Our first question today is coming from Kyle Peterson of Needham & Company. Please go ahead.

Speaker 4

Hi, good morning. This is actually Sam Salvas on for Kyle today. Thanks for taking the questions. To take things off, I was wondering if you guys can provide some commentary around what you’re seeing across some of the core KPIs like billings, subscribers, traffic year-to-date, especially given the market volatility in recent weeks with some of this geopolitical uncertainty going on over in Eastern Europe. Thanks.

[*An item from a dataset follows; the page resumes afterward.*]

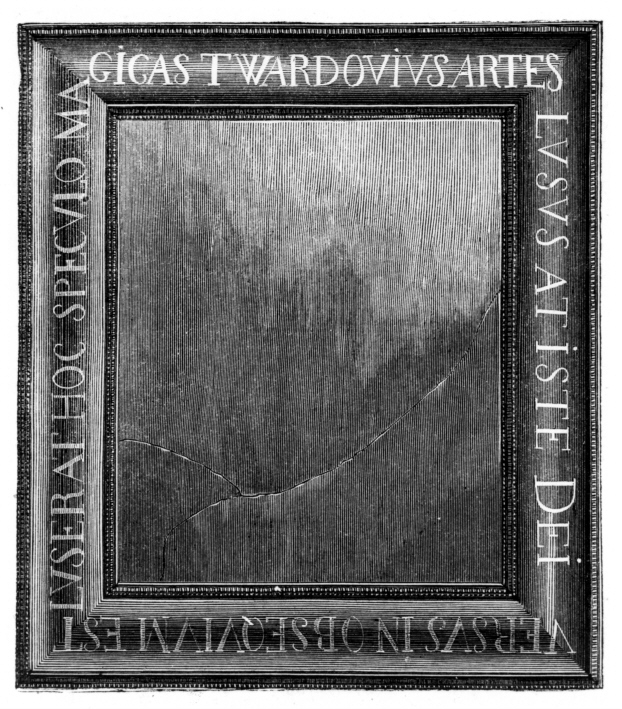 Wymieniony Przypkowski wysunął przypuszczenie, że zwierciadło zostało wykonane w Polsce, w XVI w., np. w rezydencji zaprzyjaźnionego z Twardowskim biskupa Franciszka Krasińskiego w Bodzentynie, lecz hipotezy tej nie potwierdzają żadne źródła historyczne. Według Romana Bugaja (1976) miejsca powstania zabytku należałoby szukać raczej w Niemczech, wiadomo bowiem, iż tamtejsi czarodzieje z kręgu Fausta posługiwali się magicznymi zwierciadłami, prawdopodobnie własnej produkcji. Jedno z takich unikatowych luster mógł nabyć Twardowski wraz z Krasińskim podczas wspólnych studiów w Wittenberdze. Pierwszą naukową informację o zwierciadle podał w 1828 r. historyk Teodor Narbutt, wzmiankując w niej już o pęknięciu metalowej tafli na trzy nierówne części: „(...) uczniowie dawniej ciskali w zwierciadło ciężkimi rzeczami dlatego, że w nim ukazywały im się postacie wykrzywiające się w przeraźliwy sposób. Na ostatek, jeden cisnąwszy kluczami kościelnymi, roztrzaskał zwierciadło tak, że już odtąd ukazywać masek dziwacznych zaprzestało”. Narbutt utrwalił więc – jako pierwszy – pogląd o cudownych właściwościach zabytku, nie wiedział tylko, z jakiego metalu go sporządzono. W 1871 r. kierownik artystyczny „Kłosów”, Marcin Olszyński, wykonał pierwszą fotografię zwierciadła, uprzednio czyszcząc je z plam i śniedzi. Orzekł, iż obiekt wykonano „z aliażu używanego powszechnie na zwierciadła, przed wynalezieniem szklanych (...). Główne części składowe stanowią bizmut i antymon z niewielką domieszką miedzi (...). Obraz daje zafarbowany lekko na czerwono, a w odległości 8 do 10 łokci już obraz staje się niewyraźny”.

So are you talking post December 31? Is that what you’re saying?

Speaker 4

Yes. Just over the past few months.

If you step back and view the trees from the forest, what we told you was that the summer months were tough for all B2C companies. Engagement was down. What’s interesting is we’re seeing this in states of very interesting dynamics. Engagement has been volatile this year, but our conversion rates have been pretty good. Even when engagement is down, our conversion rates are pretty static and actually improved a little bit in the fourth quarter. So the driving force here is not so much eroding conversion rates; it is the volatility we’ve seen in engagement. That’s point one. That’s really important to keep in mind. Engagement steadily fell in Q2 and then fell further still in Q3. In Q4, the first half was up relatively 20% versus prior 5 months, but tailed off a bit into December. If you look post December, you can look at trading volumes; this is an interesting proxy. The average daily equity trades that we saw in January were maybe down 13% from the fourth quarter average, and in February, they were down again mid-single-digit percentages. So, you’re seeing some volatility in trading volumes, and I would look at that as a reasonable proxy for what may or may not be happening with our landing page visits. I really can’t give you our engagement statistics post December 31, but I’ll tell you that trading volume metric is a decent proxy for that. So a little bit better in January, perhaps a little bit worse in February. But yes, engagement seems to be bumping around. It’s hard to put your finger on. We are seeing the fallout of a 100-year pandemic, and then on top of that, you have inflation, you have oil prices, you have geopolitical conflicts. So there are just a lot of things that are in flux. I think long-term, we need to have the view that we’ve seen some things in the past including the financial crisis that we’ve navigated quite well. Our ability to flex and adapt and succeed for the long-term has made this business model so resilient. So lots of things we’re working on, but we expect there will be volatility in engagement for at least the next several months as we navigate what’s happening in Europe and if we can achieve some stabilization in energy prices. From a research perspective, we expect our investment professionals to nimbly adjust to current market realities to write relevant content to help guide investors in volatile times and provide investment ideas that aren’t just standard, easy strategies.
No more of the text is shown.